Work instruction: Please retype the data in full and exactly; the pictures are not part of the copy.

Supplied information:
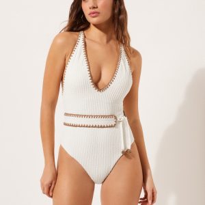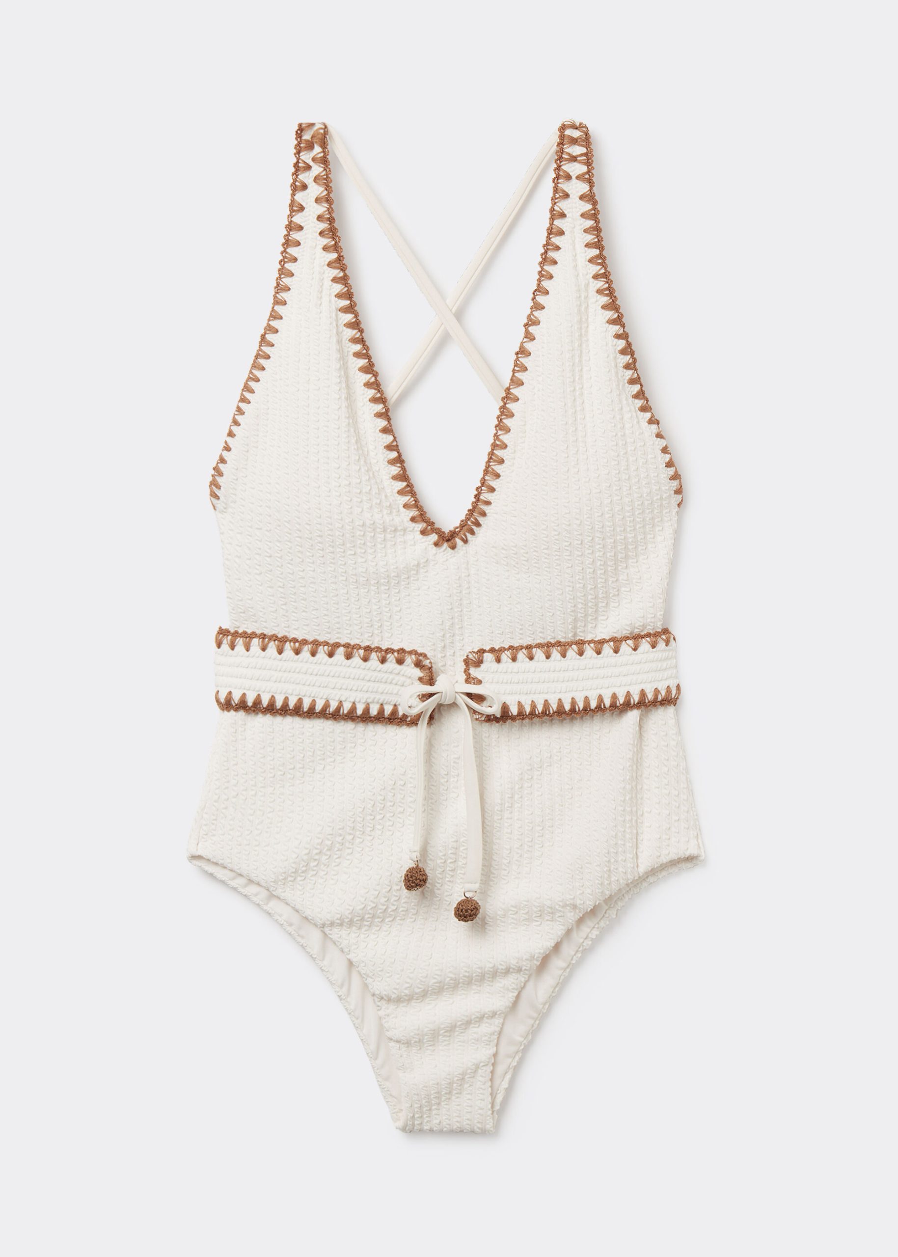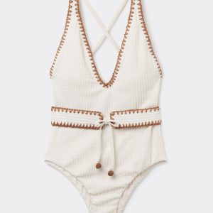 This stylish woven swimsuit conjures classic summer vacations by combining neutral tones in a gloriously rustic design, while the contrast hem draws the eye to your decolletage and waist in a tasteful and subtle way. The cross back one piece swimsuit design is ideal for maximizing your tanning while creating a sultry and romantic effect. The lightweight waist belt adds visual interest while also offering a slight cinch that breaks up your profile and creates a softer and more feminine silhouette. This versatile one piece swimsuit with belt allows you to position your waist tie in a variety of ways, from a coquettish and playful side tie to a more practical and straightforward cinch. However you choose to wear this backless one piece swimsuit, you will be evoking the classic vacation glamour of the 1950s in a soft color palette that perfectly complements tanned skin and the soft terracotta of poolside tile and holiday villas.
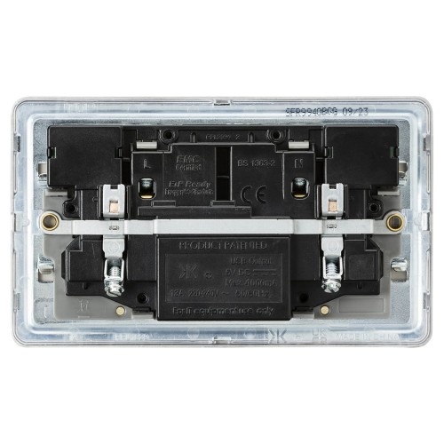 • 13A 2 gang screwless USB socket combines power and style, ideal for charging smartphones, tablets, and other USB-powered devices around the home or office
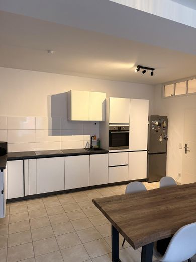 Die Wohnung hat eine offene Küche zum Wohnzimmer; zur optischen Trennung ist der Küchenbereich gefliest, im Wohnzimmer ist der Boden mit Laminat belegt.
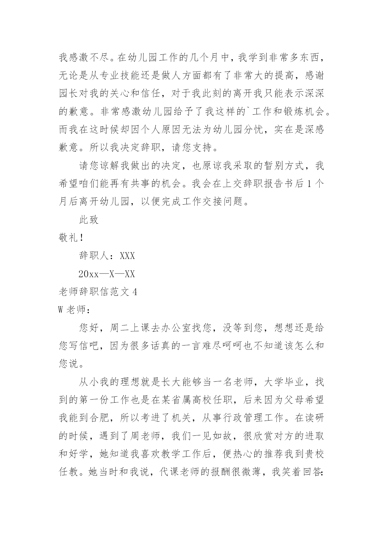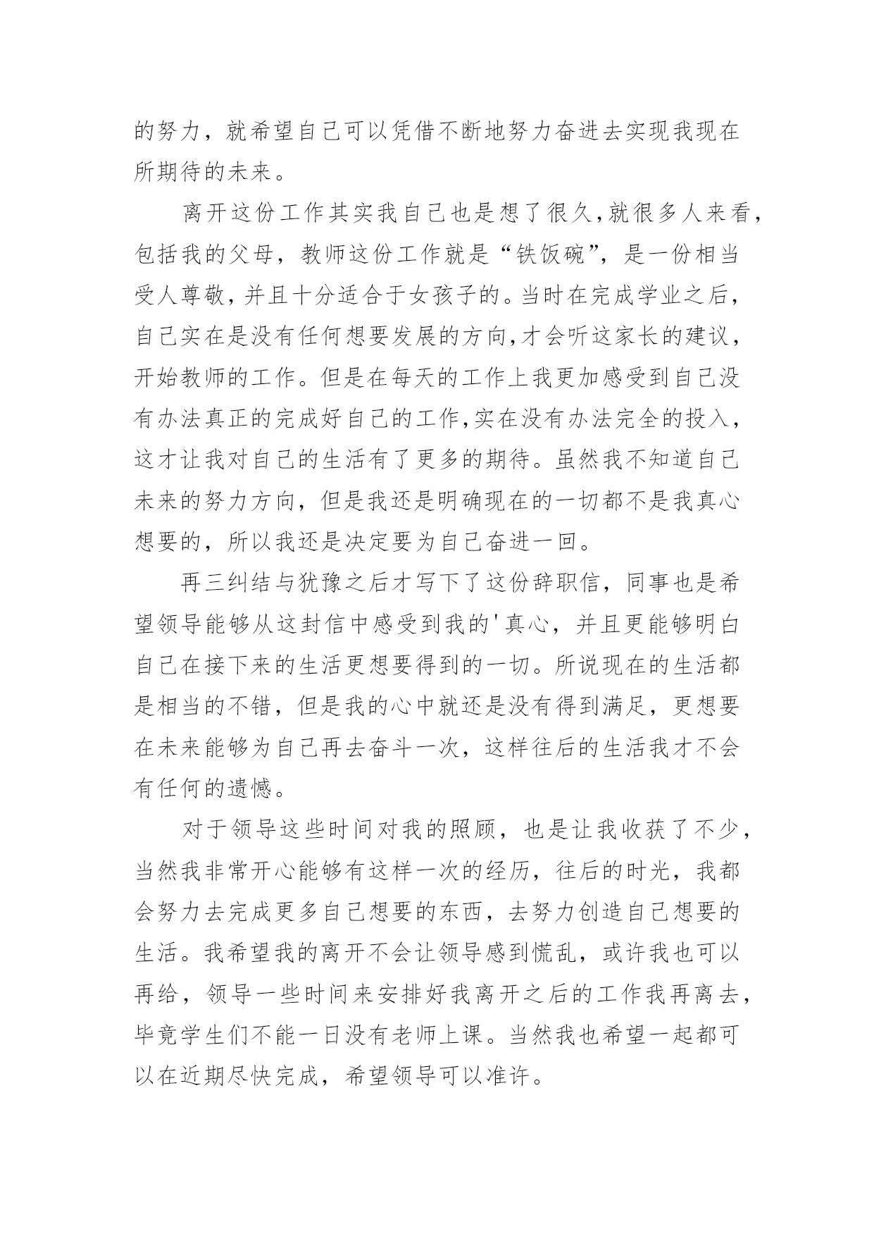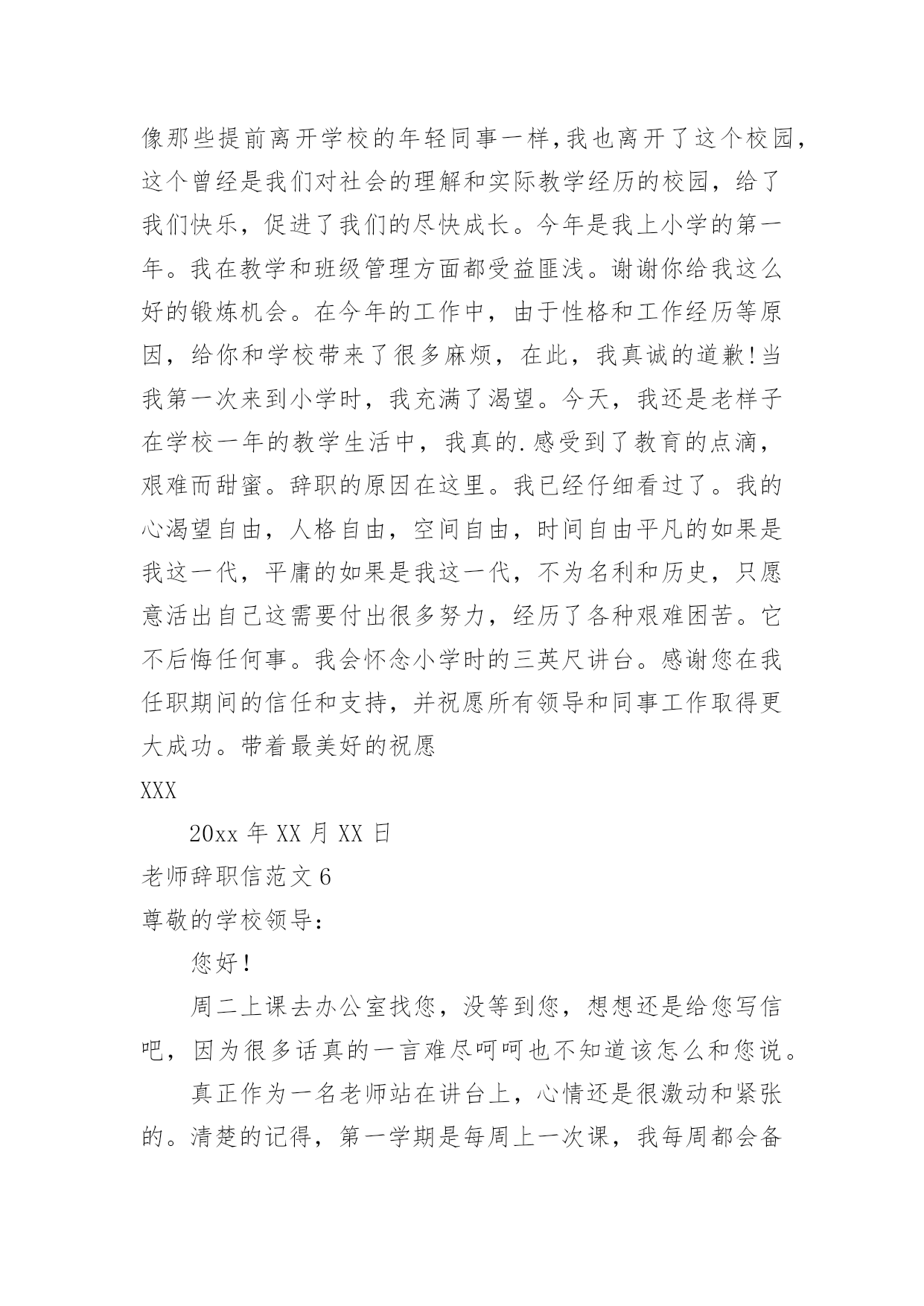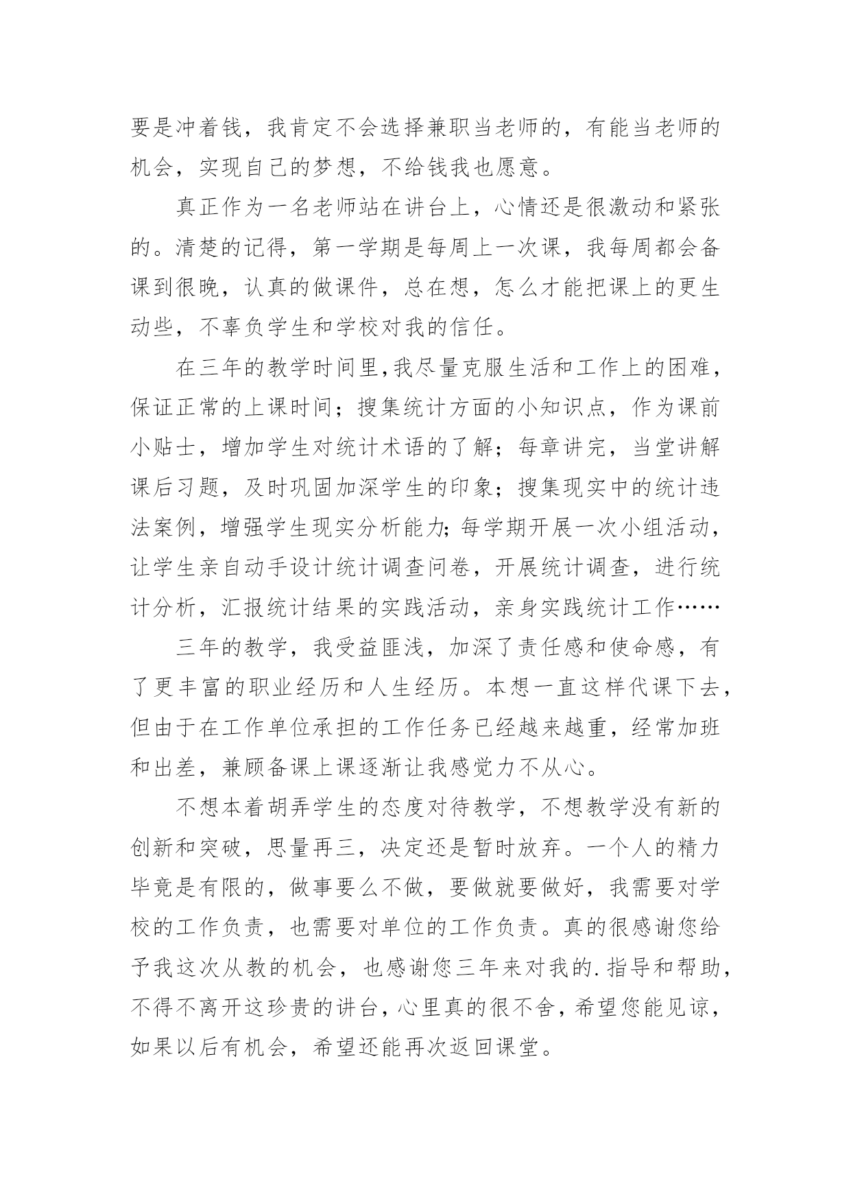 老师辞职信老师辞职信范文在职场打拼多年后,我们或许会因为个人原因而选择离职,这时就需要学习写辞职信吧。到底该怎么写辞职信呢?以下是小编为大家整理的老师辞职信范文,欢迎大家分享。老师辞职信范文1x校长:因为个人价值观的原因,我恳请辞去目前的工作,望批准!如果学校工作方便的话,我希望在11月份或者之前的某个时间就能离开!在学校的.教学经历将成为我的美好记忆中的一部分,希望领导及同事万事顺心,工作顺利!此致敬礼!辞职人:xxxxx月xx日老师辞职信范文2尊敬的领导:您好!这段时间以来,我的教学工作总算没有出现差错。但是我不敢保证以后的工作没有问题,我只好向学校呈上这份辞职报告了。工作近一年来,发现自己在工作、生活中,所学知识还有很多很多的欠缺,已经不能适应学校课改发展的需要,仍需继续学习课改理论。在近一年的时间里,我有幸得到了单位领导及同事们的倾心指导及热情帮助。工作上,我学到了许多宝贵的课改经验和实践技能,对课改工作有了大致的了解。思想上,得到领导与同事们的指导与帮助,有了更成熟与更深刻的人生观。这近一年的工作经验将是我今后学习和工作中的一笔宝贵的财富。我的能力不能胜任教务处教导员的职务,这是我很感到伤心的地方,我知道自己应该去努力但是我努力后还是不行。我的资历和能力以及阅历都不能胜任我目前的'工作,我只好辞职,给其他老师让位。在这里,特别感谢校领导与同事们在过去的工作、生活中给予的大力扶持与帮助。尤其感谢校长在近一年来的关照和指导以及对我的信任。感谢所有给予过我帮助的同事们!恳求领导批准我的申请。辞职人:xxx20xx年xx月xx日老师辞职信范文3亲爱的园长:您好!首先,非常感谢您这半年来对我的信任和关照。这段时间,我认真回顾了这几个月来的工作情况,觉得来**幼儿园工作是我的幸运,我一直非常珍惜这份工作,这几个月来感谢园长对我的关心和教导,同事们对我的帮助让我感激不尽。在幼儿园工作的几个月中,我学到非常多东西,无论是从专业技能还是做人方面都有了非常大的提高,感谢园长对我的关心和信任,对于我此刻的离开我只能表示深深的歉意。非常感激幼儿园给予了我这样的`工作和锻炼机会。而我在这时候却因个人原因无法为幼儿园分忧,实在是深感歉意。所以我决定辞职,请您支持。请您谅解我做出的决定,也原谅我采取的暂别方式,我希望咱们能再有共事的机会。我会在上交辞职报告书后1个月后离开幼儿园,以便完成工作交接问题。此致敬礼!辞职人:XXX20xx—X—XX老师辞职信范文4W老师:您好,周二上课去办公室找您,没等到您,想想还是给您写信吧,因为很多话真的一言难尽呵呵也不知道该怎么和您说。从小我的理想就是长大能够当一名老师,大学毕业,找到的第一份工作也是在某省属高校任职,后来因为父母希望我能到合肥,所以考进了机关,从事行政管理工作。在读研的时候,遇到了周老师,我们一见如故,很欣赏对方的进取和好学,她知道我喜欢教学工作后,便热心的推荐我到贵校任教。她当时和我说,代课老师的报酬很微薄,我笑着回答:要是冲着钱,我肯定不会选择兼职当老师的,有能当老师的机会,实现自己的梦想,不给钱我也愿意。真正作为一名老师站在讲台上,心情还是很激动和紧张的。清楚的记得,第一学期是每周上一次课,我每周都会备课到很晚,认真的做课件,总在想,怎么才能把课上的更生动些,不辜负学生和学校对我的信任。在三年的教学时间里,我尽量克服生活和工作上的困难,保证正常的上课时间;搜集统计方面的小知识点,作为课前小贴士,增加学生对统计术语的了解;每章讲完,当堂讲解课后习题,及时巩固加深学生的印象;搜集现实中的统计违法案例,增强学生现实分析能力;每学期开展一次小组活动,让学生亲自动手设计统计调查问卷,开展统计调查,进行统计分析,汇报统计结果的实践活动,亲身实践统计工作……三年的教学,我受益匪浅,加深了责任感和使命感,有了更丰富的职业经历和人生经历。本想一直这样代课下去,但由于在工作单位承担的工作任务已经越来越重,经常加班和出差,兼顾备课上课逐渐让我感觉力不从心。不想本着胡弄学生的态度对待教学,不想教学没有新的创新和突破,思量再三,决定还是暂时放弃。一个人的精力毕竟是有限的,做事要么不做,要做就要做好,我需要对学校的工作负责,也需要对单位的工作负责。真的很感谢您给予我这次从教的机会,也感谢您三年来对我的.指导和帮助,不得不离开这珍贵的讲台,心里真的很不舍,希望您能见谅,如果以后有机会,希望还能再次返回课堂。最后,有个小小的愿望,希望W老师能够帮我实现。一段人生经历的结束,总想留下点纪念,不知道学校或者是教学组,能否对我这段时间的工作给一个鉴定,对我这三年教学的评价也好,意见建议也行,只想今后回忆起这段经历时,有个纪念。如能实现,将感激不尽。这学期还有一个多月的教学时间,我一定会一如既往的用心上课,认真履行完自己的工

Exercise answer:
 This stylish woven swimsuit conjures classic summer vacations by combining neutral tones in a gloriously rustic design, while the contrast hem draws the eye to your decolletage and waist in a tasteful and subtle way. The cross back one piece swimsuit design is ideal for maximizing your tanning while creating a sultry and romantic effect. The lightweight waist belt adds visual interest while also offering a slight cinch that breaks up your profile and creates a softer and more feminine silhouette. This versatile one piece swimsuit with belt allows you to position your waist tie in a variety of ways, from a coquettish and playful side tie to a more practical and straightforward cinch. However you choose to wear this backless one piece swimsuit, you will be evoking the classic vacation glamour of the 1950s in a soft color palette that perfectly complements tanned skin and the soft terracotta of poolside tile and holiday villas.
 • 13A 2 gang screwless USB socket combines power and style, ideal for charging smartphones, tablets, and other USB-powered devices around the home or office
 Die Wohnung hat eine offene Küche zum Wohnzimmer; zur optischen Trennung ist der Küchenbereich gefliest, im Wohnzimmer ist der Boden mit Laminat belegt.
 老师辞职信老师辞职信范文在职场打拼多年后,我们或许会因为个人原因而选择离职,这时就需要学习写辞职信吧。到底该怎么写辞职信呢?以下是小编为大家整理的老师辞职信范文,欢迎大家分享。老师辞职信范文1x校长:因为个人价值观的原因,我恳请辞去目前的工作,望批准!如果学校工作方便的话,我希望在11月份或者之前的某个时间就能离开!在学校的.教学经历将成为我的美好记忆中的一部分,希望领导及同事万事顺心,工作顺利!此致敬礼!辞职人:xxxxx月xx日老师辞职信范文2尊敬的领导:您好!这段时间以来,我的教学工作总算没有出现差错。但是我不敢保证以后的工作没有问题,我只好向学校呈上这份辞职报告了。工作近一年来,发现自己在工作、生活中,所学知识还有很多很多的欠缺,已经不能适应学校课改发展的需要,仍需继续学习课改理论。在近一年的时间里,我有幸得到了单位领导及同事们的倾心指导及热情帮助。工作上,我学到了许多宝贵的课改经验和实践技能,对课改工作有了大致的了解。思想上,得到领导与同事们的指导与帮助,有了更成熟与更深刻的人生观。这近一年的工作经验将是我今后学习和工作中的一笔宝贵的财富。我的能力不能胜任教务处教导员的职务,这是我很感到伤心的地方,我知道自己应该去努力但是我努力后还是不行。我的资历和能力以及阅历都不能胜任我目前的'工作,我只好辞职,给其他老师让位。在这里,特别感谢校领导与同事们在过去的工作、生活中给予的大力扶持与帮助。尤其感谢校长在近一年来的关照和指导以及对我的信任。感谢所有给予过我帮助的同事们!恳求领导批准我的申请。辞职人:xxx20xx年xx月xx日老师辞职信范文3亲爱的园长:您好!首先,非常感谢您这半年来对我的信任和关照。这段时间,我认真回顾了这几个月来的工作情况,觉得来**幼儿园工作是我的幸运,我一直非常珍惜这份工作,这几个月来感谢园长对我的关心和教导,同事们对我的帮助让我感激不尽。在幼儿园工作的几个月中,我学到非常多东西,无论是从专业技能还是做人方面都有了非常大的提高,感谢园长对我的关心和信任,对于我此刻的离开我只能表示深深的歉意。非常感激幼儿园给予了我这样的`工作和锻炼机会。而我在这时候却因个人原因无法为幼儿园分忧,实在是深感歉意。所以我决定辞职,请您支持。请您谅解我做出的决定,也原谅我采取的暂别方式,我希望咱们能再有共事的机会。我会在上交辞职报告书后1个月后离开幼儿园,以便完成工作交接问题。此致敬礼!辞职人:XXX20xx—X—XX老师辞职信范文4W老师:您好,周二上课去办公室找您,没等到您,想想还是给您写信吧,因为很多话真的一言难尽呵呵也不知道该怎么和您说。从小我的理想就是长大能够当一名老师,大学毕业,找到的第一份工作也是在某省属高校任职,后来因为父母希望我能到合肥,所以考进了机关,从事行政管理工作。在读研的时候,遇到了周老师,我们一见如故,很欣赏对方的进取和好学,她知道我喜欢教学工作后,便热心的推荐我到贵校任教。她当时和我说,代课老师的报酬很微薄,我笑着回答:要是冲着钱,我肯定不会选择兼职当老师的,有能当老师的机会,实现自己的梦想,不给钱我也愿意。真正作为一名老师站在讲台上,心情还是很激动和紧张的。清楚的记得,第一学期是每周上一次课,我每周都会备课到很晚,认真的做课件,总在想,怎么才能把课上的更生动些,不辜负学生和学校对我的信任。在三年的教学时间里,我尽量克服生活和工作上的困难,保证正常的上课时间;搜集统计方面的小知识点,作为课前小贴士,增加学生对统计术语的了解;每章讲完,当堂讲解课后习题,及时巩固加深学生的印象;搜集现实中的统计违法案例,增强学生现实分析能力;每学期开展一次小组活动,让学生亲自动手设计统计调查问卷,开展统计调查,进行统计分析,汇报统计结果的实践活动,亲身实践统计工作……三年的教学,我受益匪浅,加深了责任感和使命感,有了更丰富的职业经历和人生经历。本想一直这样代课下去,但由于在工作单位承担的工作任务已经越来越重,经常加班和出差,兼顾备课上课逐渐让我感觉力不从心。不想本着胡弄学生的态度对待教学,不想教学没有新的创新和突破,思量再三,决定还是暂时放弃。一个人的精力毕竟是有限的,做事要么不做,要做就要做好,我需要对学校的工作负责,也需要对单位的工作负责。真的很感谢您给予我这次从教的机会,也感谢您三年来对我的.指导和帮助,不得不离开这珍贵的讲台,心里真的很不舍,希望您能见谅,如果以后有机会,希望还能再次返回课堂。最后,有个小小的愿望,希望W老师能够帮我实现。一段人生经历的结束,总想留下点纪念,不知道学校或者是教学组,能否对我这段时间的工作给一个鉴定,对我这三年教学的评价也好,意见建议也行,只想今后回忆起这段经历时,有个纪念。如能实现,将感激不尽。这学期还有一个多月的教学时间,我一定会一如既往的用心上课,认真履行完自己的工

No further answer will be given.